The judgment is affirmed.

In this opinion the other judges concurred.

The action was withdrawn as against certain other defendants. Only Milardo and his law firm are involved as appellees on appeal. We refer to them in this opinion as the defendants.

The plaintiff raises no issues as to the breach of contract claim.

Mario Zangari is a licensed attorney who testified at trial as an expert for the plaintiff regarding professional responsibility.

The following coEoquy took place between the defendants’ attorney and Zangan:

“ [Defendants’ Counsel]: Now, but you also said that [Lawrence DiStefano] had specific duties as trustee as defined in that trust; is that correct?”
“[The Witness]: Correct.
“[Defendants’ Counsel]: And generally, and you don’t have to read them all, but what are those duties as trustee?
“[The Witness]: His primary duty was to make sure that his mother received funds sufficient to take care of her during her lifetime.
“[Defendants’ Counsel]: Okay, Okay.
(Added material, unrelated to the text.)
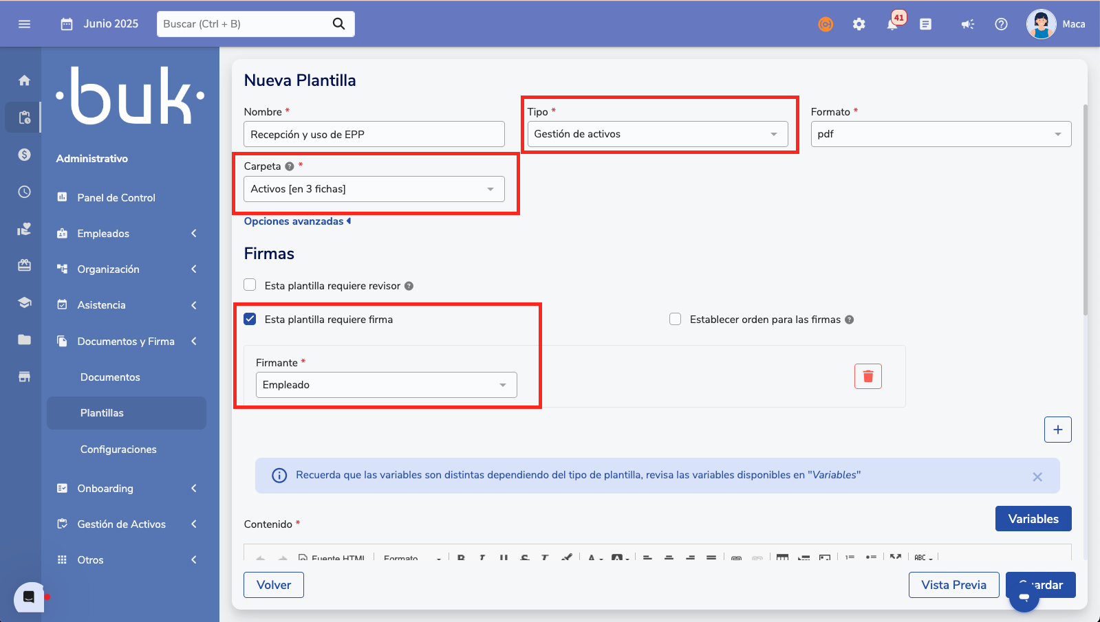 - Elige el tipo "Gestión de Activos" y diseña el documento (texto, campos variables, firmas).

And I think you said that — I think *844you testified that if that had been discussed with her, then you wouldn’t have a problem with [Lawrence] DiStefano being both the trustee and the remainderman or remainderperson; is that correct?
“[The Witness]: I believe I said that if she — if he discussed it and she understood the risks that were inherent in it, then it’s her decision to do that.
“ [Defendants’ Counsel]: Okay. And, as a matter of fact, if it had been talked about with her, then you wouldn’t have a problem with it; is that correct?
“[The Witness]: If she fully understood what she was doing and that the conflict existed that her son could take the moneys, that she was — her moneys and use them for his benefit and not hers and she accepted that, that’s her risk.”

Although not explicitly framed as such, the claim is an attack on the jury charge, and this court will address it as such.